Given entries:
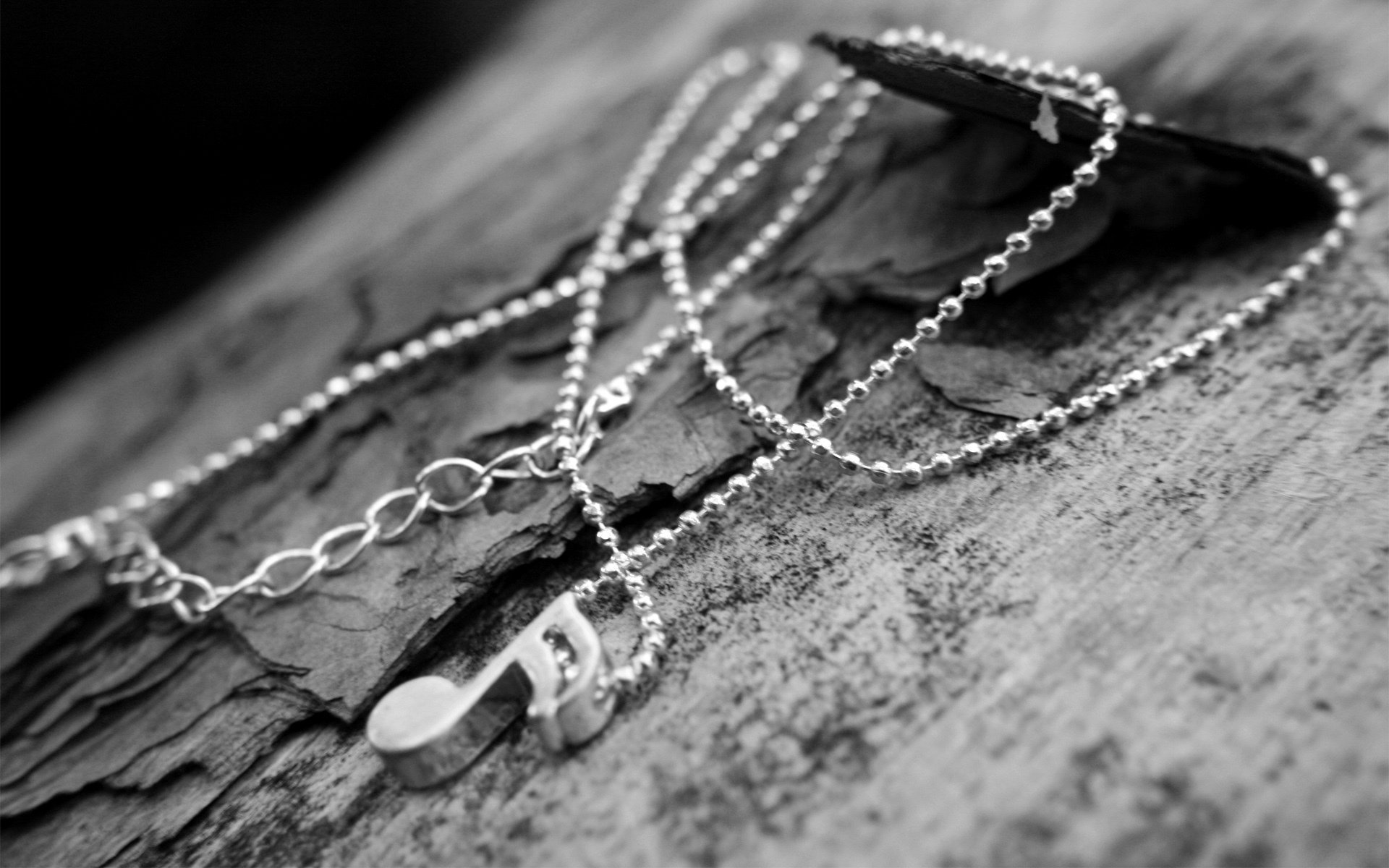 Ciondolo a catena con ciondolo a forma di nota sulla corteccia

...

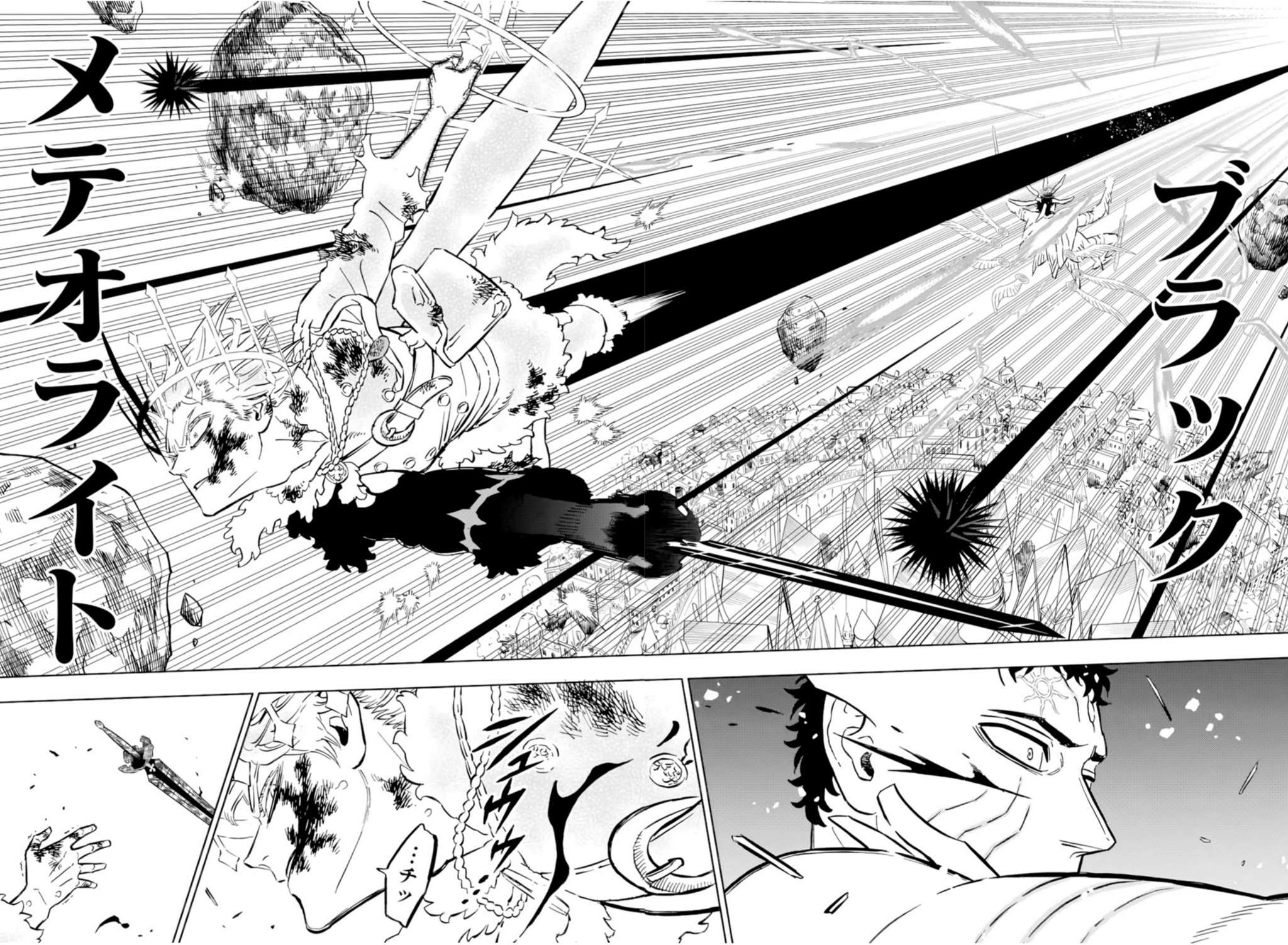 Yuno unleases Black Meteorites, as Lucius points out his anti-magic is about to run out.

* * *

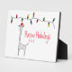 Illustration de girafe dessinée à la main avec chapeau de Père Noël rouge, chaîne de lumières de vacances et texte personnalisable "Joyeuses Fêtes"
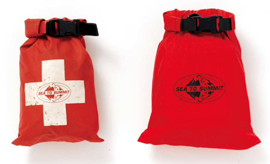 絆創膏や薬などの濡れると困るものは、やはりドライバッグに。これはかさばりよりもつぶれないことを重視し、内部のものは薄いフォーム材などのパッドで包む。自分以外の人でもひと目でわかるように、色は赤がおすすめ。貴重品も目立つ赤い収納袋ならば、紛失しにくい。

What the task asks: Using the entries above, transcribe exactly from the line that has "Illustration de girafe" through the line that has "絆創膏や薬などの濡れると困る". Pictures are dropped.

Response to the task:
 Illustration de girafe dessinée à la main avec chapeau de Père Noël rouge, chaîne de lumières de vacances et texte personnalisable "Joyeuses Fêtes"
 絆創膏や薬などの濡れると困るものは、やはりドライバッグに。これはかさばりよりもつぶれないことを重視し、内部のものは薄いフォーム材などのパッドで包む。自分以外の人でもひと目でわかるように、色は赤がおすすめ。貴重品も目立つ赤い収納袋ならば、紛失しにくい。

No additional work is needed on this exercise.